DATA PROVIDED START

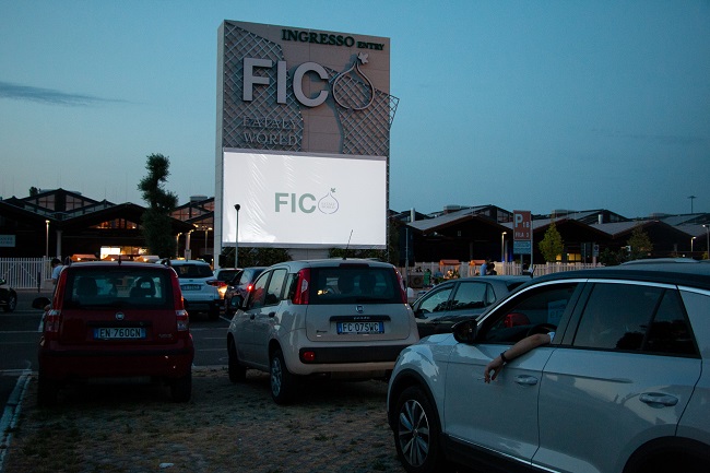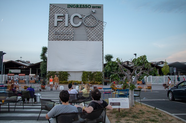 Venerdì, a partire dalle ore 20.00, si potrà raggiungere l’area designata del parcheggio P1 di FICO, registrarsi ritirando il voucher da 15€ che comprende il biglietto del cinema e il menu, e raggiungere la postazione assegnata. Il menu degustazione comprende un panino gourmet e un drink da ordinare e ritirare direttamente ai chioschi posizionati proprio sotto al mega schermo. Tre le proposte gustosissime fra cui scegliere: il cono street food di Suino Nero Madeo con polpettine miste classiche, alla Nduja e al formaggio, la rosetta con Mortadella Bologna IGP, ricotta, rucola e pomodorini e la ciabattina con Granfiocco Cotto al Miele, zucchine grigliate e maionese all’erba cipollina dell’Osteria del Culatello Antica Ardenga, accompagnate dalla birra Poretti, dai vini di Fontanafredda e dai cocktail del Fantini Club.
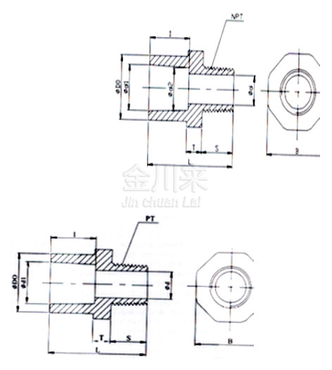 | Size | Do | d1 | d2 | I | d | T | S | L | B | NPT |
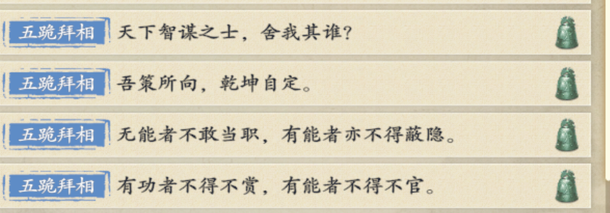 11.范雎,范雎的五跪拜相也是有4条语音,应该是对方给牌有两条,让对方获得战法是另外两条,但游戏内只会播放前两条
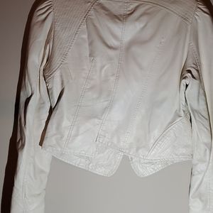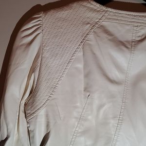 Cream faux leather asymmetrical jacket. Mandarin collar, roughed sleeve 2 hidden button closure.

DATA PROVIDED END

What is needed is an exact transcription of the lines from the one holding "L | B | NPT |" to the end of the data, with every picture left out.

RESULT OF THIS EXERCISE -
 | Size | Do | d1 | d2 | I | d | T | S | L | B | NPT |
 11.范雎,范雎的五跪拜相也是有4条语音,应该是对方给牌有两条,让对方获得战法是另外两条,但游戏内只会播放前两条
 Cream faux leather asymmetrical jacket. Mandarin collar, roughed sleeve 2 hidden button closure.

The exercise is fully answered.